Problem:
Verbatim output, no pictures: the lines from the beginning of the material through the line with "南陵中学校で表題の式が開催さ", both ends kept.

Entries shown:
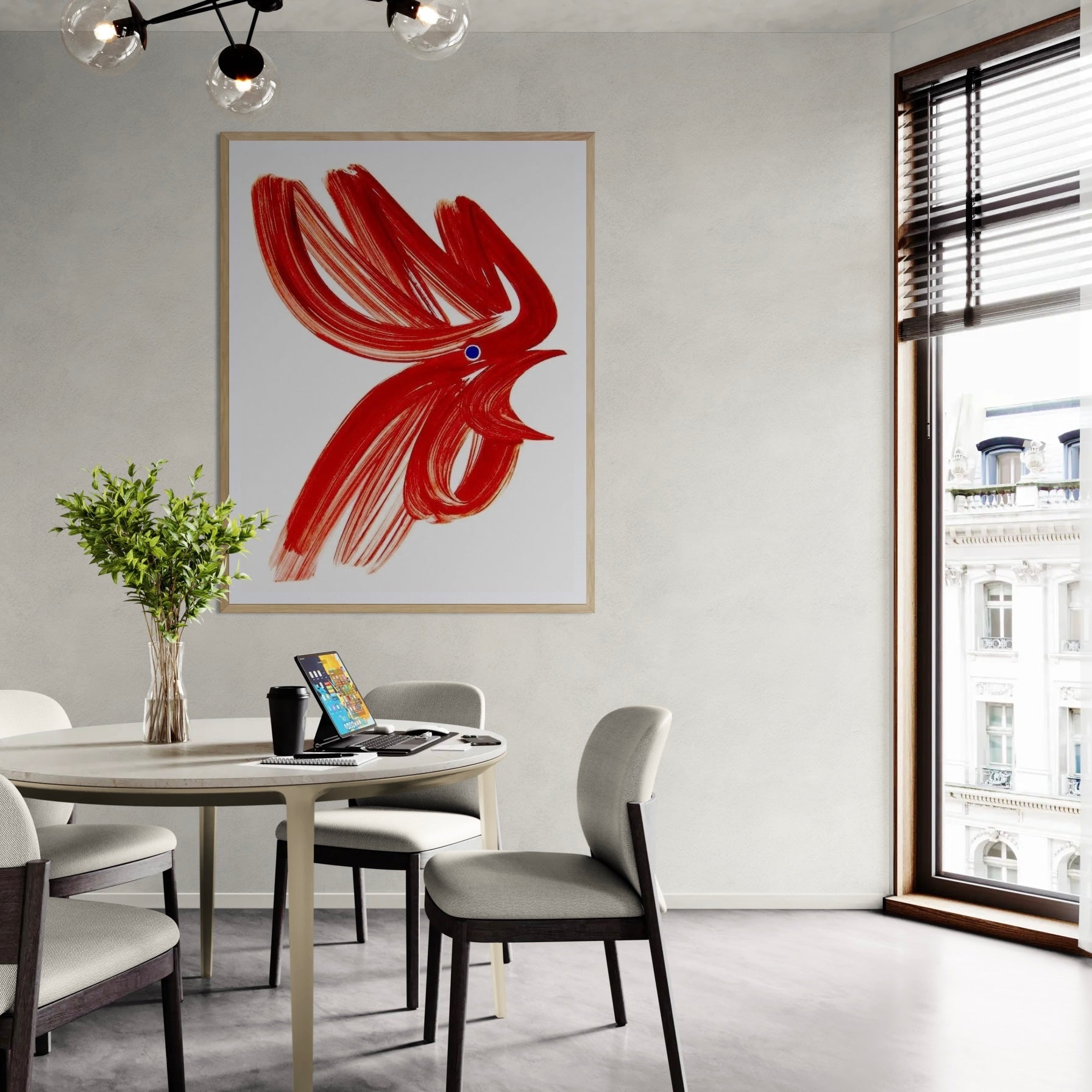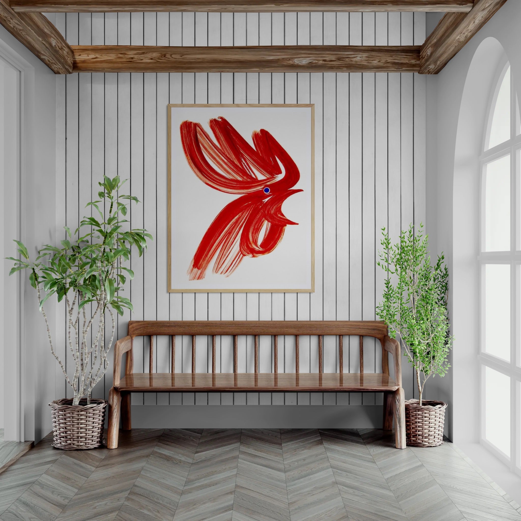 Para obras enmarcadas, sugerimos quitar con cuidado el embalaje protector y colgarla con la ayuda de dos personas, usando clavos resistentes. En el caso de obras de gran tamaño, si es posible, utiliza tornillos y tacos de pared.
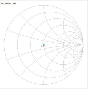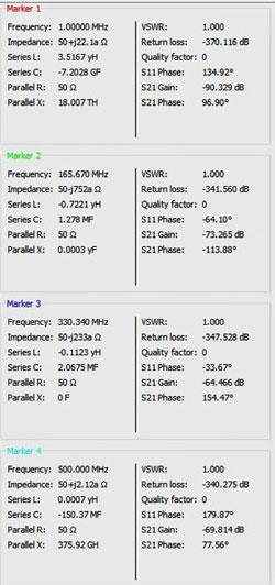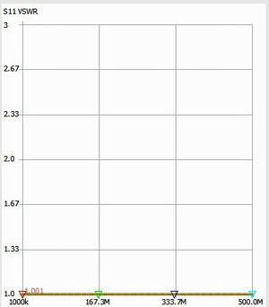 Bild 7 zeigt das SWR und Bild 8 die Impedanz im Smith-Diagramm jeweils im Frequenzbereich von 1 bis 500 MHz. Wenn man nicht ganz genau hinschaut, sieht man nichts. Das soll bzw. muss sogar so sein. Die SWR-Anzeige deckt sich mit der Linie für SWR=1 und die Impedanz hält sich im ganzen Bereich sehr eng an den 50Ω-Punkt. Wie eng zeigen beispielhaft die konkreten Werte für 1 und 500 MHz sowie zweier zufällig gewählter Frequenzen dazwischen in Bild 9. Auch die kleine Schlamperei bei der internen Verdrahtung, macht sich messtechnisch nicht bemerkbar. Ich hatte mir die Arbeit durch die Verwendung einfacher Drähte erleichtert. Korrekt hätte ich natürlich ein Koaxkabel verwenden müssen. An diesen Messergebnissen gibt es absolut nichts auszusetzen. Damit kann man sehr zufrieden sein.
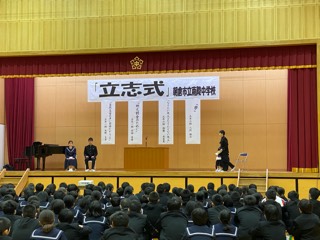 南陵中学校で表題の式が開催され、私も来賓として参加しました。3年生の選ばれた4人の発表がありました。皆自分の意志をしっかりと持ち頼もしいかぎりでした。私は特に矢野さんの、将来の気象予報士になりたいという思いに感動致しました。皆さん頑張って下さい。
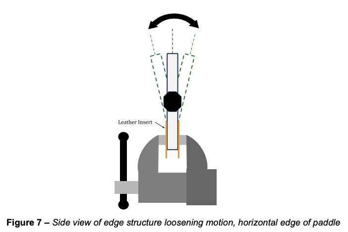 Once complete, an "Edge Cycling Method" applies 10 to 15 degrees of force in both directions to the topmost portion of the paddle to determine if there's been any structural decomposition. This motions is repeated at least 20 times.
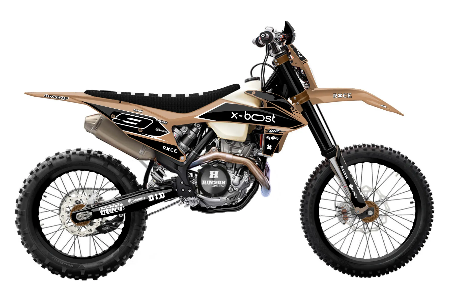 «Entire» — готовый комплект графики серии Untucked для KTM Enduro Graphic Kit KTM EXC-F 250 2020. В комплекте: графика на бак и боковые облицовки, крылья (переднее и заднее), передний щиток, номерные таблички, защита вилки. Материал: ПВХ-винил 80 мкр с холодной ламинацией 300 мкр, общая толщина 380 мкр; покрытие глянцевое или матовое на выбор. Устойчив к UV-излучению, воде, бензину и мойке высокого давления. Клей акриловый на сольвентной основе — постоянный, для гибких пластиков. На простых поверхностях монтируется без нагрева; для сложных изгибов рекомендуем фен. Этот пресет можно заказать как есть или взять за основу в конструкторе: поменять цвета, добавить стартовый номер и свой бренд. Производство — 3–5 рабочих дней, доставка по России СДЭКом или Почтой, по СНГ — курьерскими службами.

Answer area:
 Para obras enmarcadas, sugerimos quitar con cuidado el embalaje protector y colgarla con la ayuda de dos personas, usando clavos resistentes. En el caso de obras de gran tamaño, si es posible, utiliza tornillos y tacos de pared.
 Bild 7 zeigt das SWR und Bild 8 die Impedanz im Smith-Diagramm jeweils im Frequenzbereich von 1 bis 500 MHz. Wenn man nicht ganz genau hinschaut, sieht man nichts. Das soll bzw. muss sogar so sein. Die SWR-Anzeige deckt sich mit der Linie für SWR=1 und die Impedanz hält sich im ganzen Bereich sehr eng an den 50Ω-Punkt. Wie eng zeigen beispielhaft die konkreten Werte für 1 und 500 MHz sowie zweier zufällig gewählter Frequenzen dazwischen in Bild 9. Auch die kleine Schlamperei bei der internen Verdrahtung, macht sich messtechnisch nicht bemerkbar. Ich hatte mir die Arbeit durch die Verwendung einfacher Drähte erleichtert. Korrekt hätte ich natürlich ein Koaxkabel verwenden müssen. An diesen Messergebnissen gibt es absolut nichts auszusetzen. Damit kann man sehr zufrieden sein.
 南陵中学校で表題の式が開催され、私も来賓として参加しました。3年生の選ばれた4人の発表がありました。皆自分の意志をしっかりと持ち頼もしいかぎりでした。私は特に矢野さんの、将来の気象予報士になりたいという思いに感動致しました。皆さん頑張って下さい。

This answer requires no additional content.